One Dark Window
- First edition paperback cover
- Author: Rachel Gillig
- Cover artist: Lisa Marie Pompilio
- Language: English
- Genre: Romantic fantasy, gothic fiction
- Publisher: Orbit Books
- Publication date: September 27, 2022
- Publication place: United States
- Pages: 432
- ISBN: 9780316312585
- Followed by: Two Twisted Crowns

= One Dark Window =

2022 fantasy novel by Rachel Gillig

One Dark Window is a gothic romantic fantasy novel by American author Rachel Gillig.
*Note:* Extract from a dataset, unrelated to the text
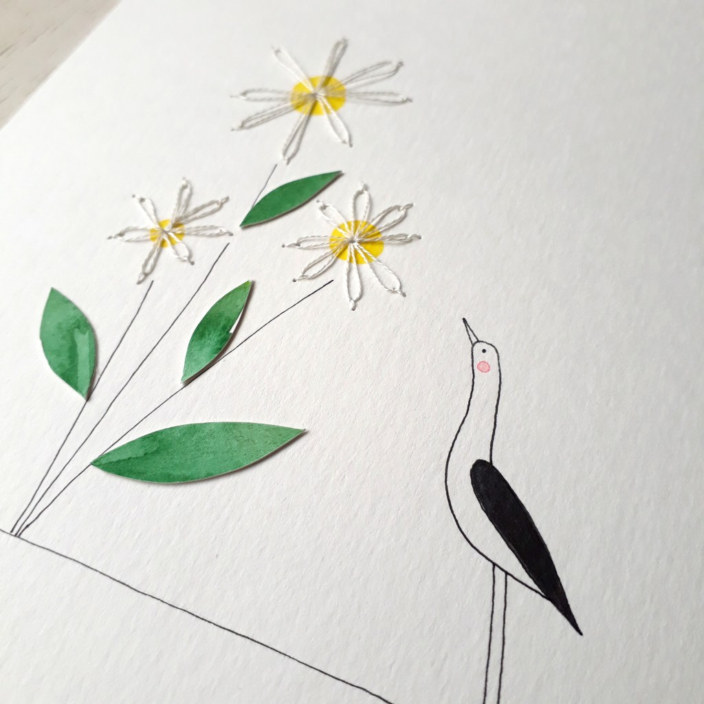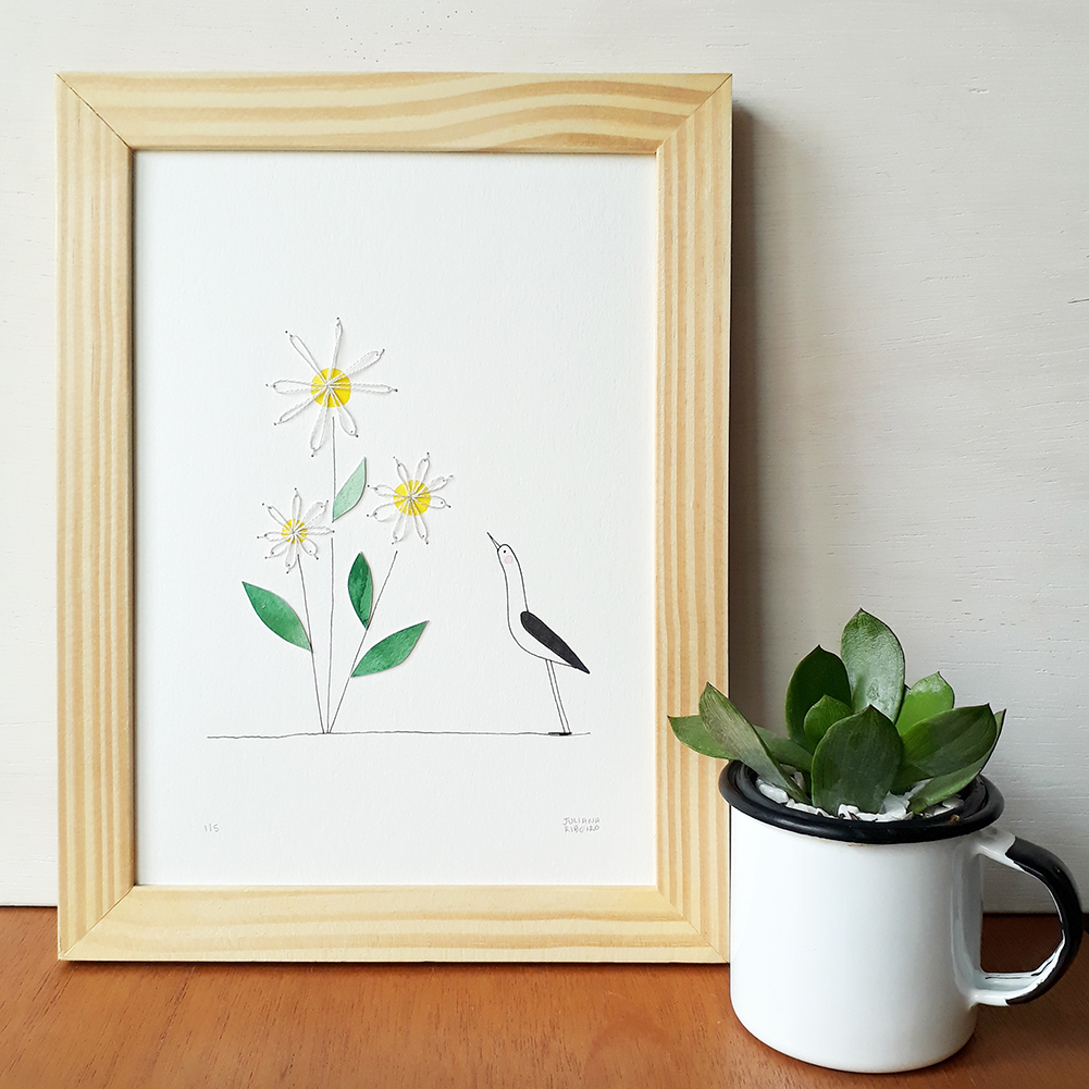 As aves são criaturas cuja curiosidade, ingenuidade, liberdade e presença sempre me fascinam! Por isso as escolhi para esta série de ilustrações desenvolvidas com desenho, aquarela, colagem e bordado sobre papel 300g, 15 x 21 cm. Cada uma traz um aspecto poético sobre a contemplação da vida e da natureza, retratado de forma muito delicada.

It was published by Orbit Books on September 27, 2022. It is Gillig's debut novel and the first book in the Shepherd King duology.

An unabridged audiobook narrated by Lisa Cordileone was released alongside the ebook and paperback editions.

== Background ==
When Gillig was drafting the novel, she got infected with COVID-19. She had to take a break from writing for a month due to brain fog caused by the infection.

== Synopsis ==
Elspeth Spindle has spent her life hiding her "infection" from the world at large. Infected children often manifest the ability to absorb power from the Providence Cards, twelve playing cards used to perform specific kinds of magic, and are put to death in the king's dungeons. Touching one card has led to a five-hundred-year-old spirit named Nightmare to take residence in Elspeth's mind and frequently control her body, growing stronger as Elspeth's health declines. After Nightmare helps her fight off a highwayman searching for her uncle's Providence Cards, the highwayman reveals himself to be the king's nephew, Ravyn Yew. Elspeth and Ravyn must collect all twelve cards before the solstice to cure their kingdom of the dark magic infecting it, and before the king kills Ravyn's infected younger brother and Nightmare completely takes over her body.

== Reception ==
The novel became popular on BookTok six months after it was published.

Publishers Weekly praised the "steamy" romance between Elspeth and Ravyn, but criticized Nightmare's tendency for speaking in rhyming couplets as "inappropriately twee" and called the twist of Nightmare's true identity "entirely obvious". Archita Mittra of the Chicago Review of Books praised the novel's "evocative" prose and its "commendable" use of its magic system, but criticized its pacing, its "disappointing" cliffhanger ending, and its "predictable" romantic subplot that relies on tropes rather than genuine chemistry. Maxim M. Martineau of Reactor praised the novel's attention to the cost of magic.

== Sequel ==
A sequel titled Two Twisted Crowns was released in 2023. The two form the Shepherd King duology. It follows Elspeth and Ravyn as they attempt to gather the last of the Providence Cards known as the Twin Alders.